Capacity and Stable Scheduling in Heterogeneous Wireless Networks
Stephen V. Hanly, Chunshan Liu, Phil Whiting

TL;DR
This paper defines the capacity of heterogeneous wireless networks as the maximum achievable download rate, showing it can be characterized by a linear program and determining the existence of stable schedulers based on this capacity.
Contribution
It introduces a linear programming framework to quantify HetNet capacity and establishes conditions for the existence of stable, ergodic schedulers based on this capacity.
Findings
Capacity is determined by a continuous linear program.
Stable schedulers exist if capacity is less than 1.
No stable scheduler exists if capacity exceeds 1.
Abstract
Heterogeneous wireless networks (HetNets) provide a means to increase network capacity by introducing small cells and adopting a layered architecture. HetNets allocate resources flexibly through time sharing and cell range expansion/contraction allowing a wide range of possible schedulers.
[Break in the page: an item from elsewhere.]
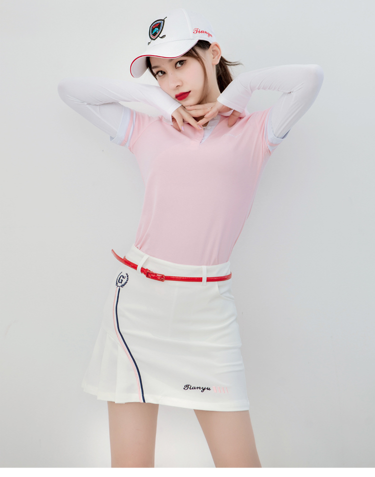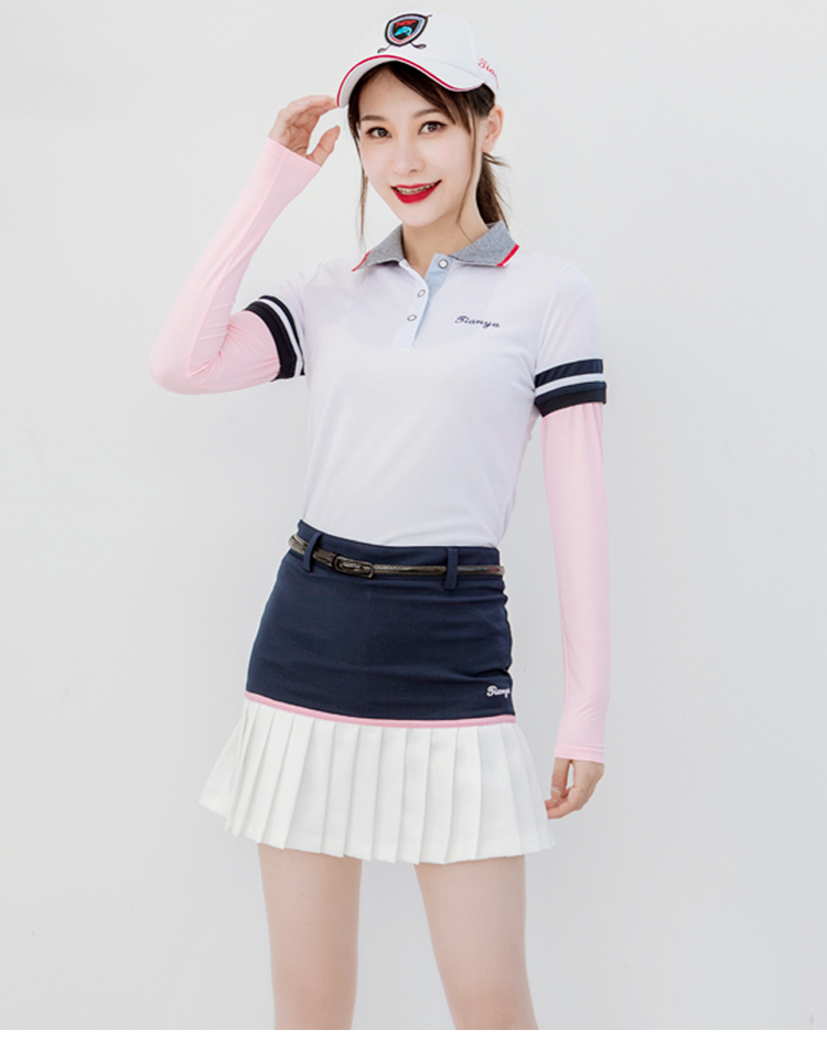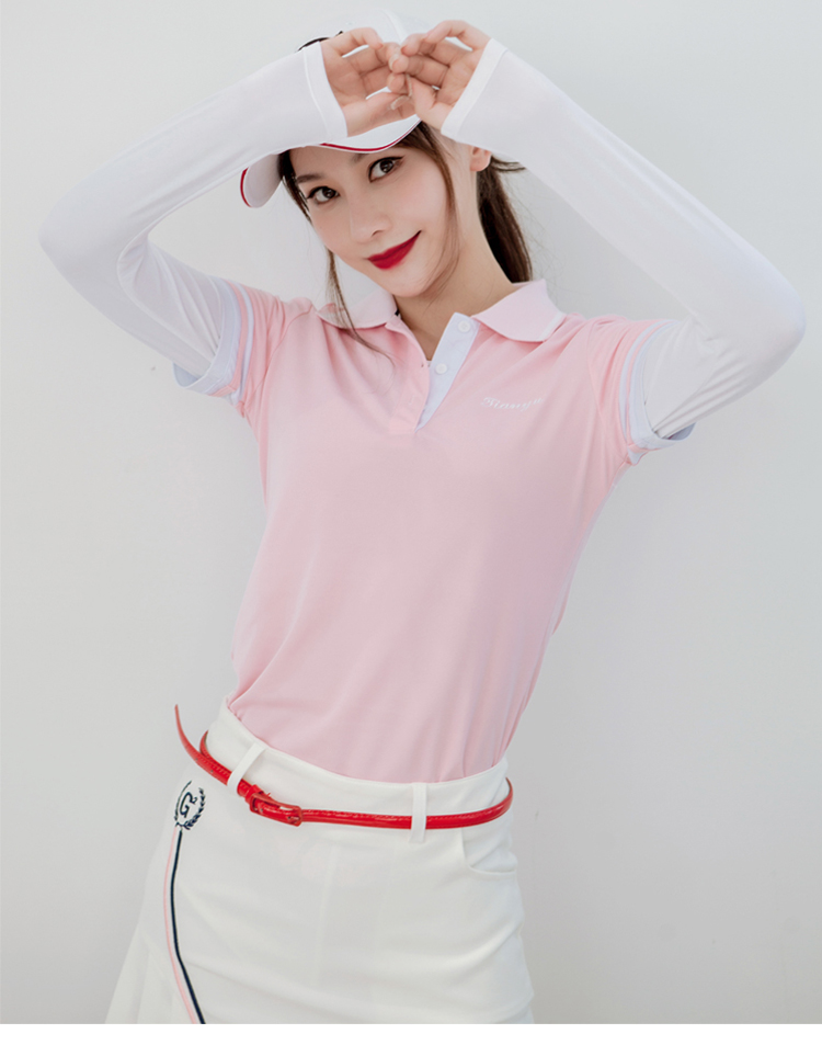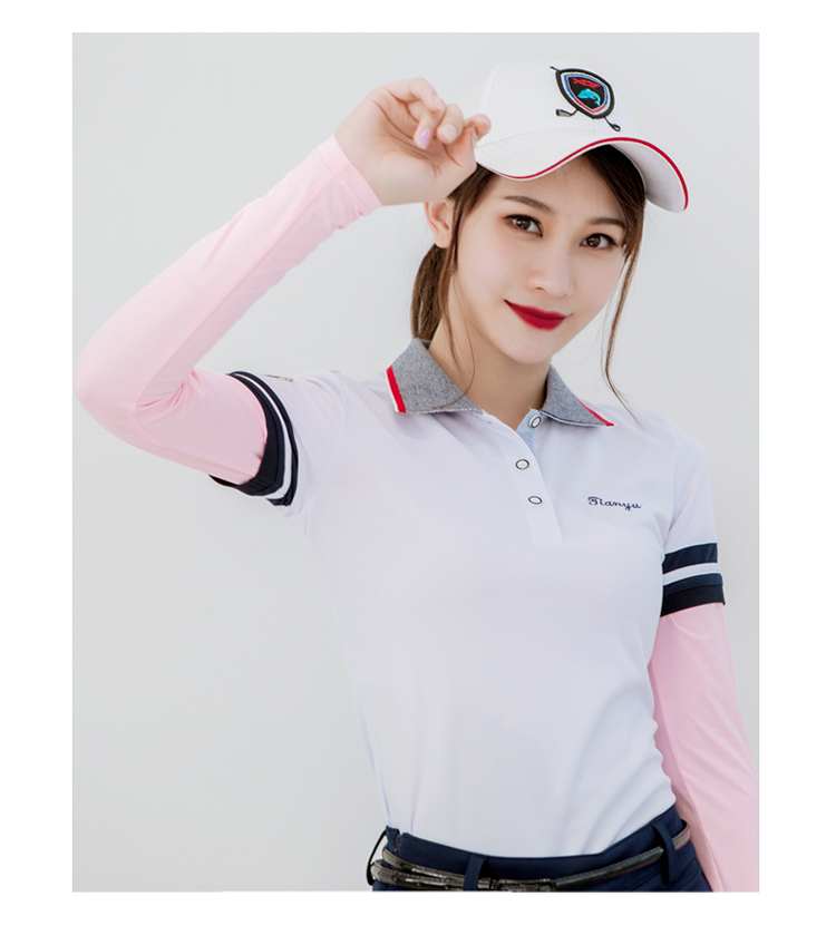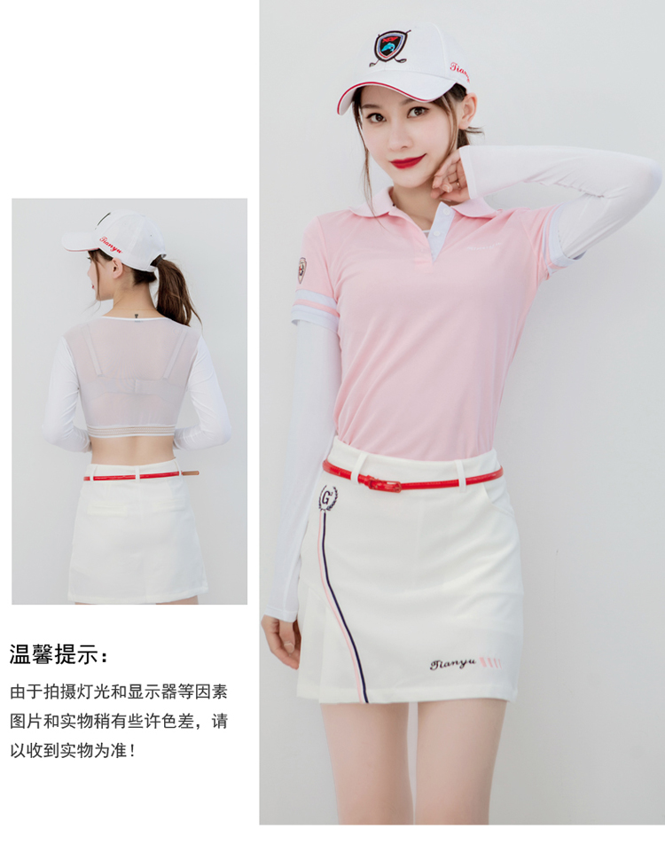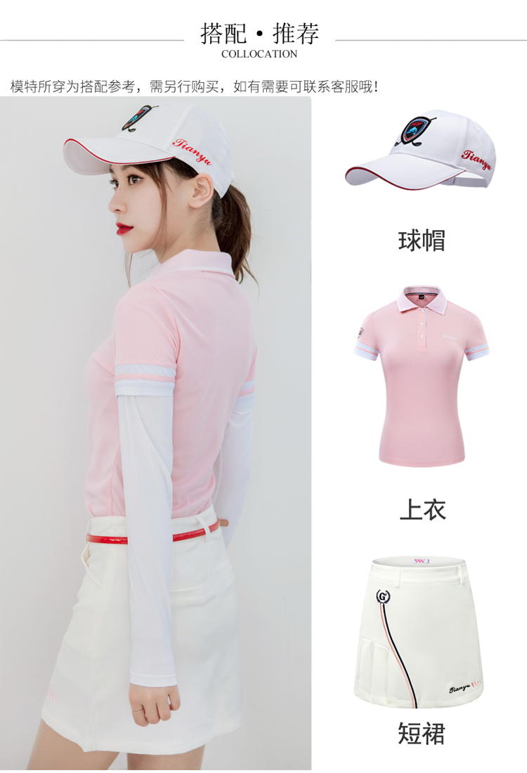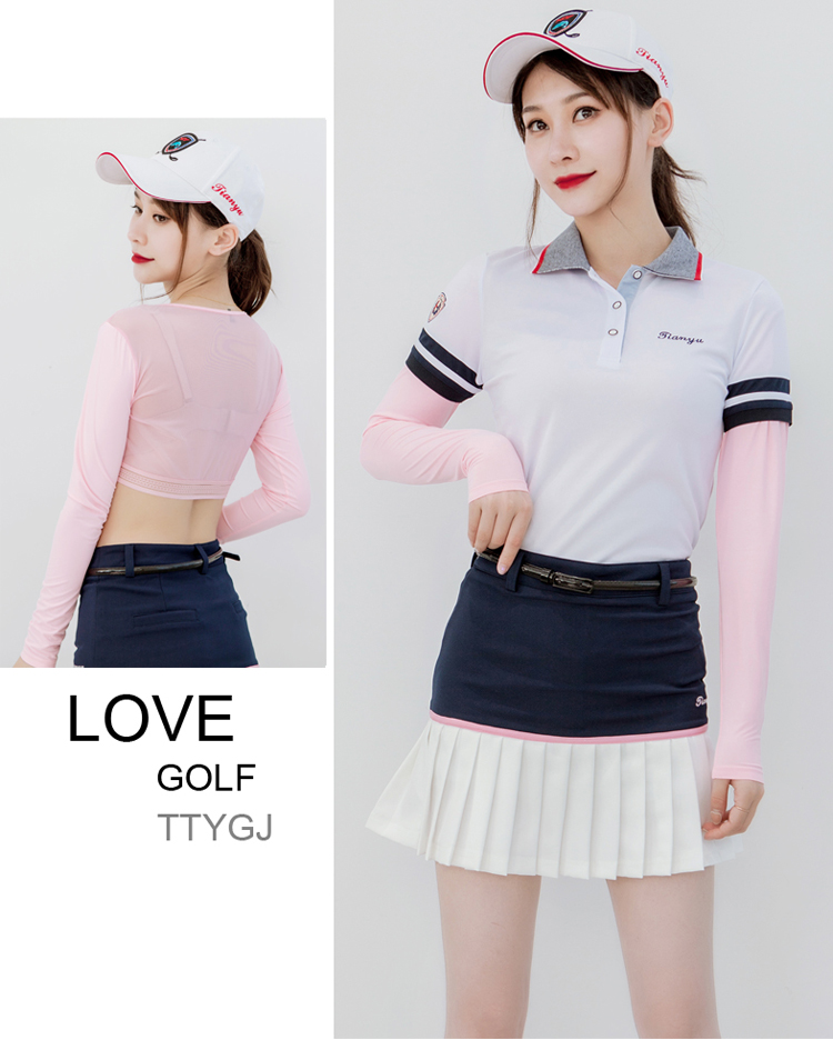新款高爾夫服裝 夏季女士冰絲防曬衣 內搭網紗披肩袖套 粉白色
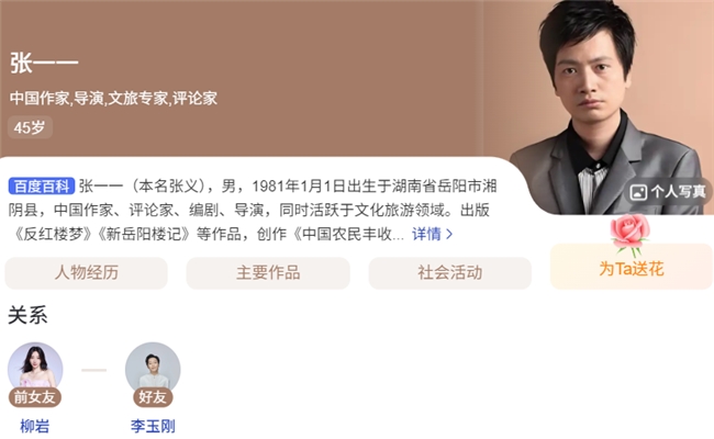 张一一百度百科人物关系官宣显示有且仅有过的一位“前女友”就是柳岩

In this paper we define the capacity of a HetNet down link in terms of the maximum number of downloads per second which can be achieved for a given offered traffic density. Given this definition we show that the capacity is determined via the solution to a continuous linear program (LP). If the solution is smaller than 1 then there is a scheduler such that the number of mobiles in the network has ergodic properties with finite mean waiting time. If the solution is greater than 1 then no such scheduler exists. The above results continue to hold if a more general class of schedulers is considered.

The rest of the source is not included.